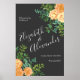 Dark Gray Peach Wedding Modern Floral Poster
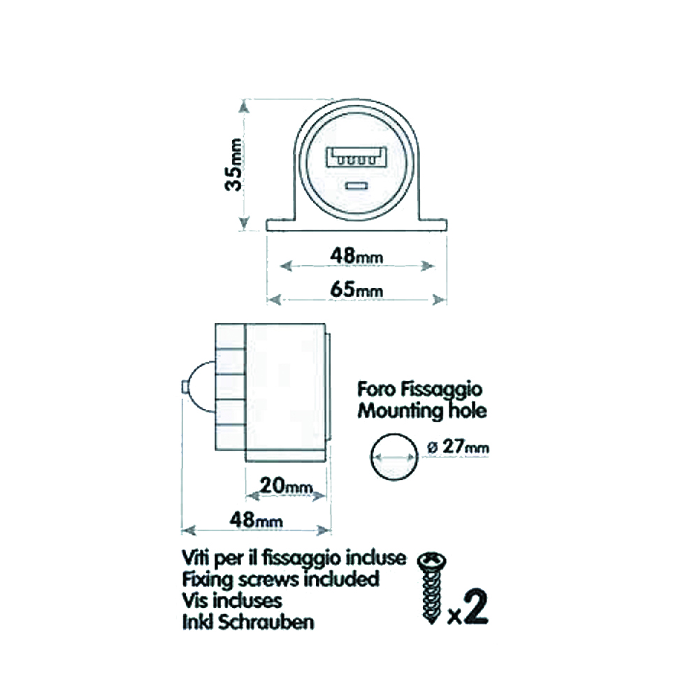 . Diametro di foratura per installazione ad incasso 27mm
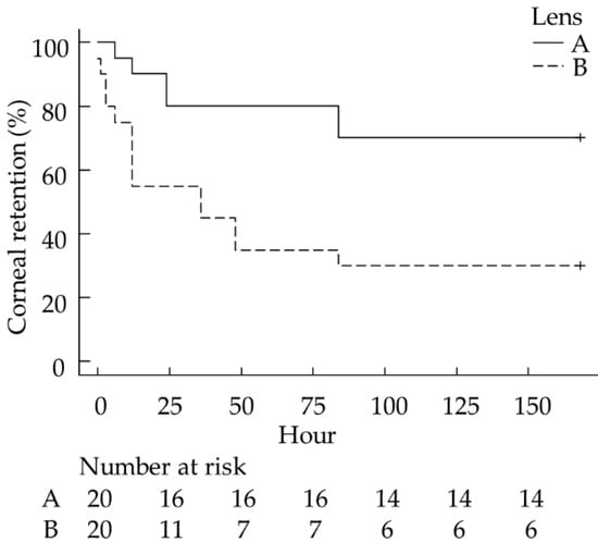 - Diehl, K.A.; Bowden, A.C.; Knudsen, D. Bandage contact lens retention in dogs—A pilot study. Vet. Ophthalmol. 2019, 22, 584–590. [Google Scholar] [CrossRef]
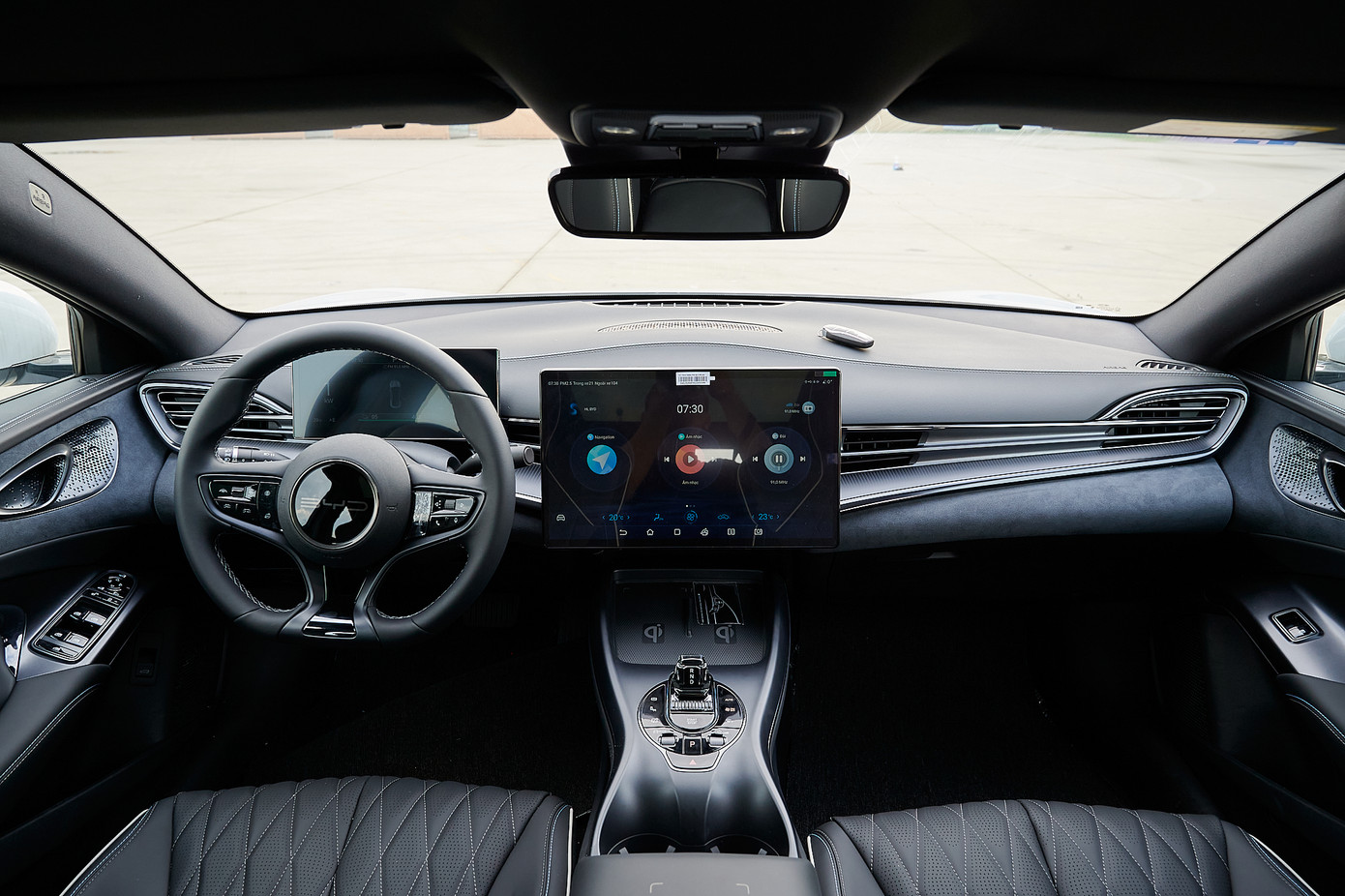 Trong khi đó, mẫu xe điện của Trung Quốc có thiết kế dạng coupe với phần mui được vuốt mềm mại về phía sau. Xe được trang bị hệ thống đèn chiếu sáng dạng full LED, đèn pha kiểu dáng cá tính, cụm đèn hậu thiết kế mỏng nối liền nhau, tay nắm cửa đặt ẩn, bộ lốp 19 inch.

*Aim of the task*
Starting where a line contains "- Diehl, K.A.;" and finishing at the last line above, set down every line exactly as it reads, with no pictures.

*Answer for the task*
 - Diehl, K.A.; Bowden, A.C.; Knudsen, D. Bandage contact lens retention in dogs—A pilot study. Vet. Ophthalmol. 2019, 22, 584–590. [Google Scholar] [CrossRef]
 Trong khi đó, mẫu xe điện của Trung Quốc có thiết kế dạng coupe với phần mui được vuốt mềm mại về phía sau. Xe được trang bị hệ thống đèn chiếu sáng dạng full LED, đèn pha kiểu dáng cá tính, cụm đèn hậu thiết kế mỏng nối liền nhau, tay nắm cửa đặt ẩn, bộ lốp 19 inch.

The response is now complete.